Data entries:

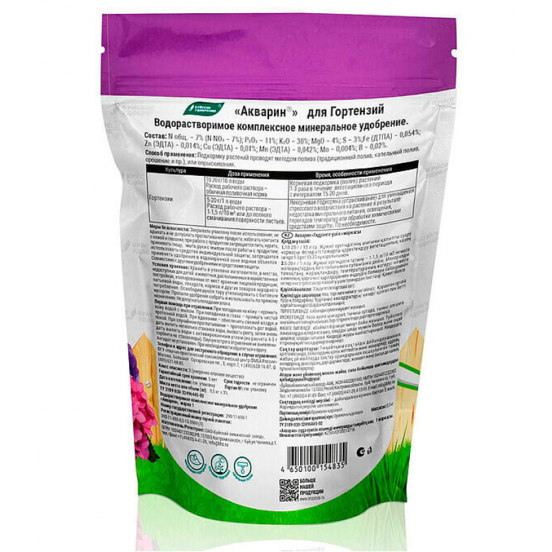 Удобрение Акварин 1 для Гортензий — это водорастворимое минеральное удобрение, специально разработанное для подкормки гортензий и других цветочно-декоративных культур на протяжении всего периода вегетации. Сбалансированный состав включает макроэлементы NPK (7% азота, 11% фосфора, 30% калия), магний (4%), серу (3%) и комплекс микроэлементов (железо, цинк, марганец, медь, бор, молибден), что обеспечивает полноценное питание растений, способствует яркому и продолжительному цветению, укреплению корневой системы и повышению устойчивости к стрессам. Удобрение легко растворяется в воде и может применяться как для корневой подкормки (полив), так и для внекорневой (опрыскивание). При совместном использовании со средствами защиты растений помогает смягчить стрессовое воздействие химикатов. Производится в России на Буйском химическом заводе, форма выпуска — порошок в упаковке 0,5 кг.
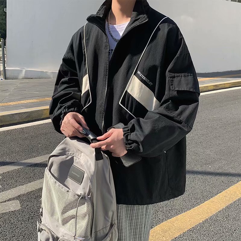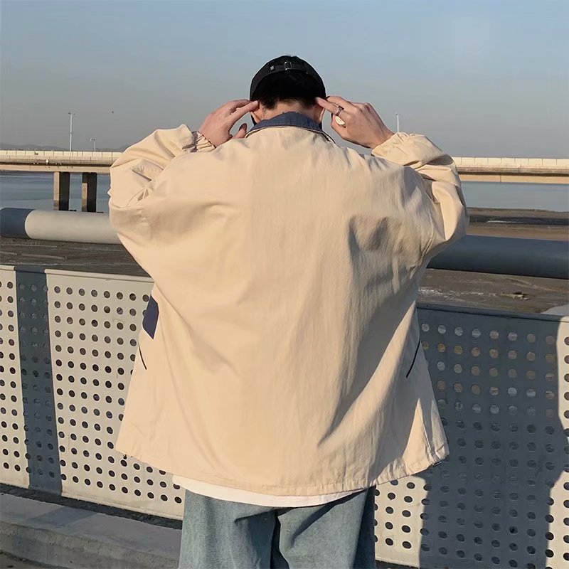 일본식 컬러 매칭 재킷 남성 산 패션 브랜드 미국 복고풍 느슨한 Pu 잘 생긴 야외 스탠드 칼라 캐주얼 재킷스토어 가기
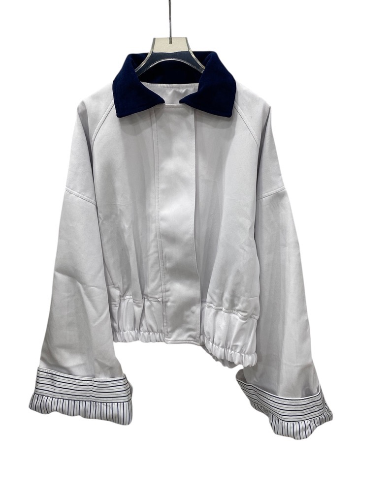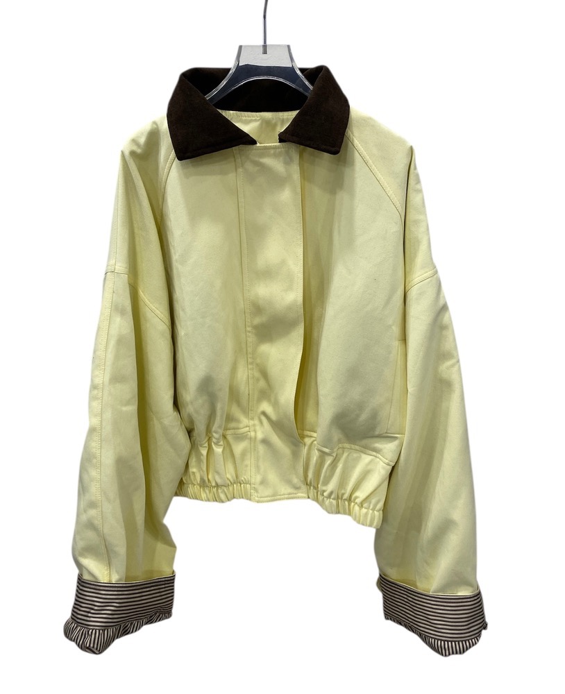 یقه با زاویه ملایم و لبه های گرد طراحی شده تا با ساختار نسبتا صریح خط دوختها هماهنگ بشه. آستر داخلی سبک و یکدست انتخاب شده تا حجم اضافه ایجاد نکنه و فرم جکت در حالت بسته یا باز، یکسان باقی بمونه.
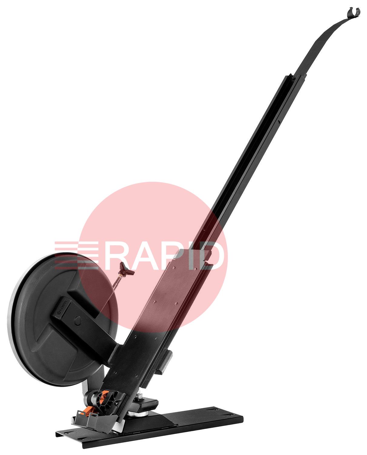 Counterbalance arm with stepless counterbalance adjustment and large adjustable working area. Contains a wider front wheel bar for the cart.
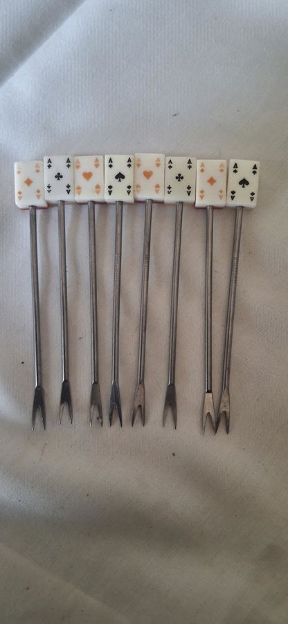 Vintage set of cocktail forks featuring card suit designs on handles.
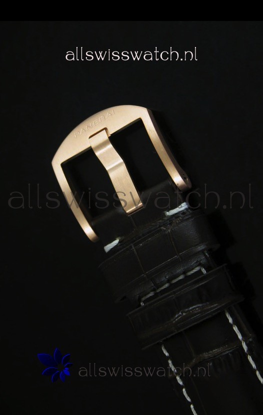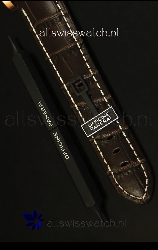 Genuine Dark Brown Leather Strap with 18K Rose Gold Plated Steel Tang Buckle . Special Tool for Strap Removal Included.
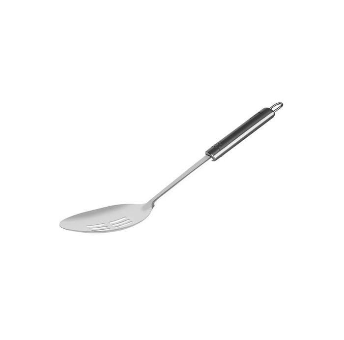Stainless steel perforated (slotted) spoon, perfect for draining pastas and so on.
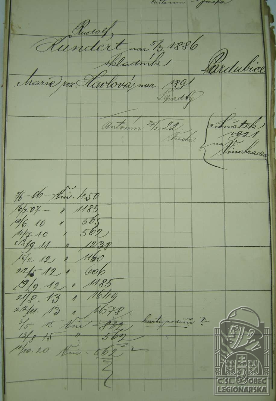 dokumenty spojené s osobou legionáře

TASK DETAILS
Leaving out the pictures, please transcribe exactly the lines from the one that holds "Stainless steel perforated" through the last line of the entries above, both included.

REPLY
Stainless steel perforated (slotted) spoon, perfect for draining pastas and so on.
 dokumenty spojené s osobou legionáře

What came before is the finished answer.